Ephraim's iniquity is bound up; his sin is kept in store. The pangs of childbirth come for him, but he is an unwise son; for at the proper time he does not present himself at the mouth of the womb.

Shall I ransom them from the power of Sheol? Shall I redeem them from Death? O Death, where are your plagues? O Sheol, where is your destruction? Compassion is hidden from my eyes.

Although he may flourish among rushes, the east wind shall come, a blast from the LORD, rising from the wilderness; and his fountain shall dry up, his spring shall be parched. It shall strip his treasury of every precious thing. Samaria shall bear her guilt, because she has rebelled against her God; they shall fall by the sword, their little ones shall be dashed in pieces, and their pregnant women ripped open.


Hosea 13:9-16

I'm sitting at the breakfast table while Petra munches on Cheerios and checks her email. I have just looked at the daily lectionary texts and was so repelled by this one I thought I probably had to deal with it.

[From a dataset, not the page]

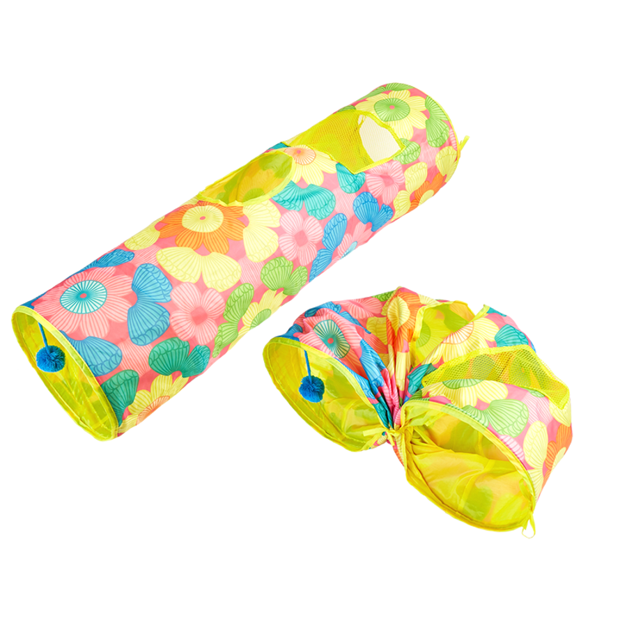 O Túnel Interativo FOFOS é a escolha perfeita para manter o seu gato entretido e ativo. Com um design dobrável e portátil, este túnel é fácil de guardar ou transportar. O seu padrão colorido atrai a atenção e o brinquedo com pompom na entrada aumenta a diversão. Ideal para brincadeiras de perseguição, esconder e surpreender, este túnel estimula o instinto natural do seu gato.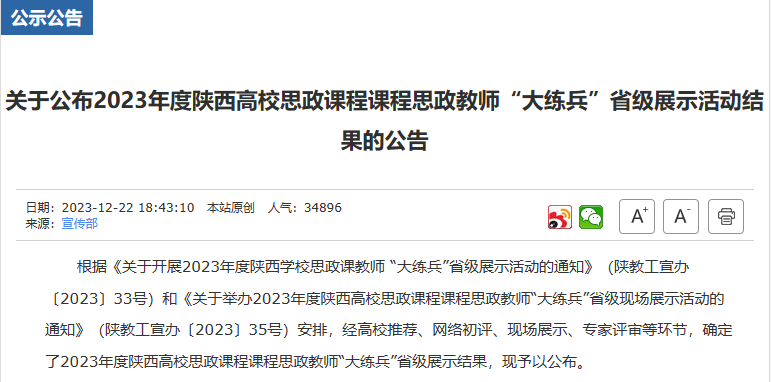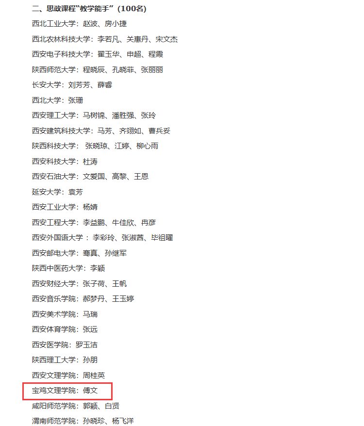 近日,中共陕西省委教育工委发布了《关于公布2023年度陕西高校思政课程课程思政教师“大练兵”省级展示活动结果的公告》,公司yl7703永利集团杨蕾老师荣获思政课程“教学标兵”荣誉称号,傅文老师荣获思政课程“教学能手”荣誉称号。公司获奖数量持续增长,成绩继续位居全省高校前列。

We Christians claim the whole bible, not just the parts we love and connect with; therefore, passages like this screed from the 8th century B.C.E. prophet are ours, just as the beautiful parts about Jesus raising little girls to life. It's all ours.

Recently someone else posted a link to this Imperial History of the Middle East, a graphic that purports to show 5000 years of history in 90 seconds. The period of time we are talking about is just a few seconds into the movie: the Kingdom of Israel arises, a lovely purple wash, and almost as quickly as it rises, it is mostly obliterated by the Assyrian Empire. That period of obliteration is the one in which Hosea is writing.

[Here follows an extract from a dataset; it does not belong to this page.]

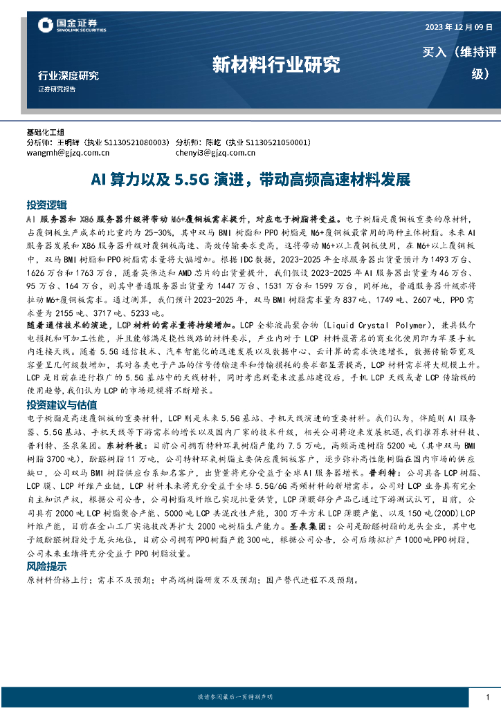国金证券:新材料行业研究:AI算力以及5.5G演进,带动高频高速材料发展.pdf

So, just to be clear: the things Hosea is saying will happen, have happened. The treasury of the king has been stripped of its precious things; the people have fallen by the sword; atrocities have been committed against men and women and children alike. It is as if a prophet would arise in the US today and say, "Your great monuments to commerce shall be destroyed; your young men and women shall perish on alien soil; your leaders shall fumble and fail." Been there, done that.

There is a fantastic, truly prophetic series of Doonesbury comics this week by Gary Trudeau. In them, 'Fear Itself' is holding a press conference about the strategies being pulled out in advance of the midterm US elections on November 7. Fear, as Trudeau points out, encourages us to ascribe blame and come up with surefire solutions. Fear causes us to vilify our enemies, and describe as enemies those who question us. Fear obliterates the possibility of reasoned discussion. In today's strip, Fear describes the choice for Americans: you can either vote for Repulicans or for enemy combatants. This is how I read Hosea: a document of fear, filled with all the blaming and finger-pointing. "Israel, you whore," Hosea says, "You have done this." The image of prositution is an image of idolatry, bowing to other gods, while the true husband tears his hair out and exacts his revenge.

I don't doubt Hosea's description of the people's unfaithfulness to the God of Israel. But I think there are other explanations for war and death and empires falling as well. I have said it before: I don't think God exacts revenge here and now; I don't think God is keeping 6 billion scorecards and sending payback on accounts delinquent. I think we can look at the abysmal situation around us, and determine why it is happening with a long, hard look in the mirror. Sure, I think God is probably angry. But I think it is more likely God weeps and weeps and weeps.